__Stored entries__.
________________

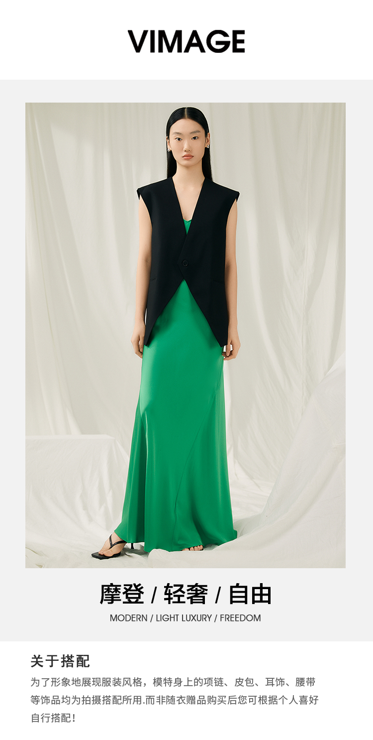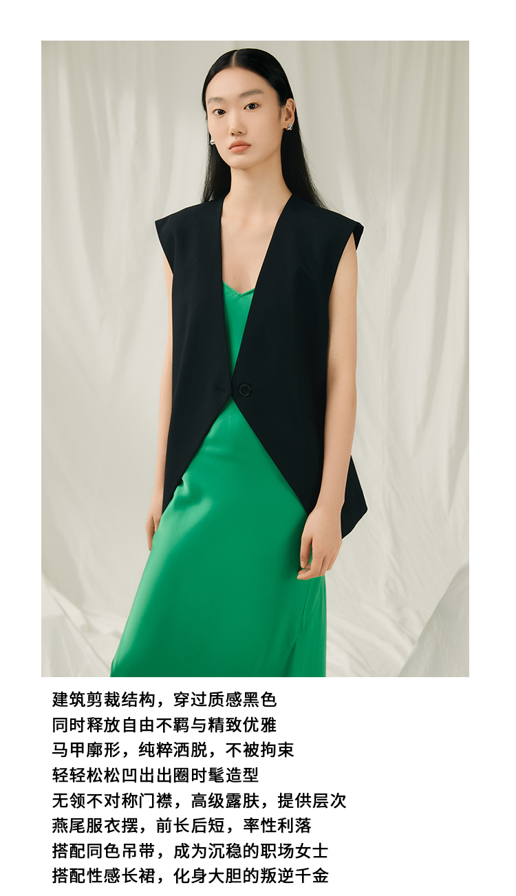 VIMAGE纬漫纪夏季新款百搭马甲简约修身西装薄外套V1903514
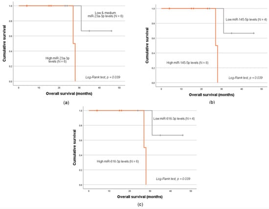 2.5. MiRNA Expression Levels and Patients’ Prognosis
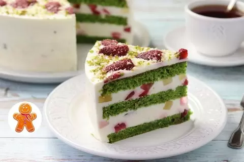 Все компоненты бисквита соединяются, и тесто выпекается в заранее разогретой духовке при температуре 180°С. После выпекания бисквит охлаждается, а затем разрезается на три коржа. Каждый корж щедро прослаивается йогуртовым кремом и украшен дольками клубники и желейными кубиками.
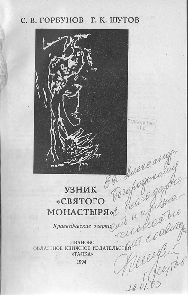 - Горбунов, С.В. Узник «святого монастыря» : краеведческие очерки / С.В. Горбунов, Г.К. Шутов. – Иваново : Талка, 1994. – 248 с.
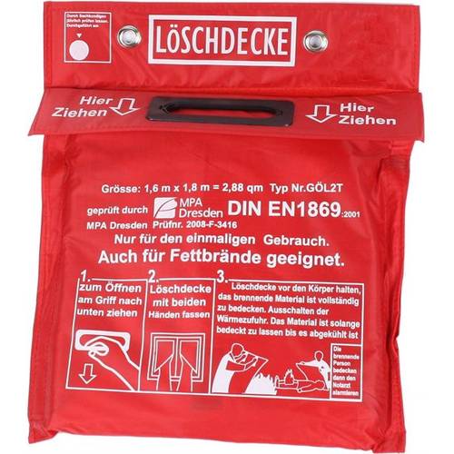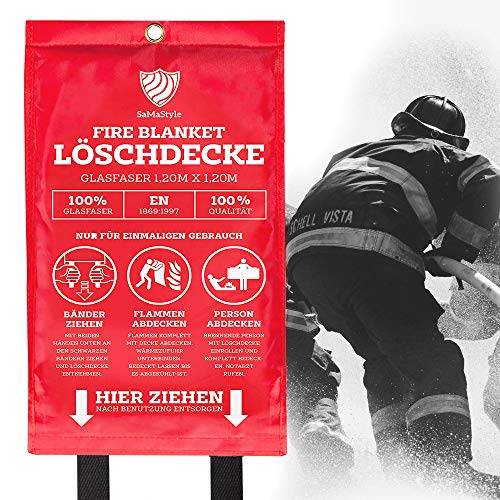 Es empfiehlt sich zumindest eine Löschdecke mit Maßen von 1×1 Metern. Damit können Sie eine Gesamtfläche von einem Quadratmeter abdecken. Das ist ideal, um beispielsweise die Herdplatte oder einen brennenden Adventkranz zu ersticken. Besser ist jedoch auch im Haushalt eine Löschdecke von mindestens 1,5 Quadratmetern geeignet.
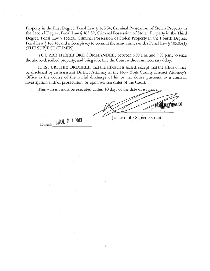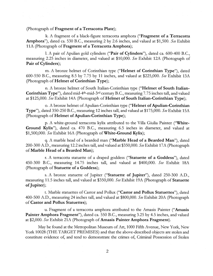 وفي فبراير، حصل المدعي العام في مانهاتن على مذكرتي ضبط لمصادرة قطعتين يُزعم أنهما مسروقتان في صالات عرض مختلفة في المتحف. وهما تمثال ليبي لامرأة محجبة، وتمثال مصري برونزي يجسد شخص راكع ويعتقد الخبراء أنها تصور إما حاكمًا أو كاهنًا.
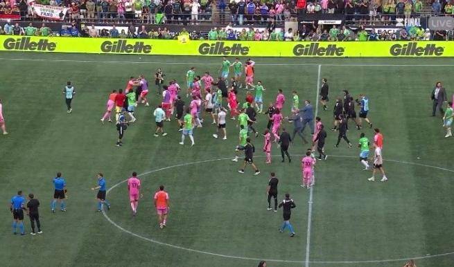 冲突期间,阿维莱斯与另一名对手发生冲突,并尝试挥拳击打对手,随后一名西雅图海湾人球员用一个身后抱摔摔倒了迈阿密国际球员托马斯-阿维莱斯。

________________

__Problem__. Your task is to repeat exactly the lines from the beginning of the data to the line that contains "2.5. MiRNA Expression", both ends included, leaving out pictures.

__Response to the task__.
 VIMAGE纬漫纪夏季新款百搭马甲简约修身西装薄外套V1903514
 2.5. MiRNA Expression Levels and Patients’ Prognosis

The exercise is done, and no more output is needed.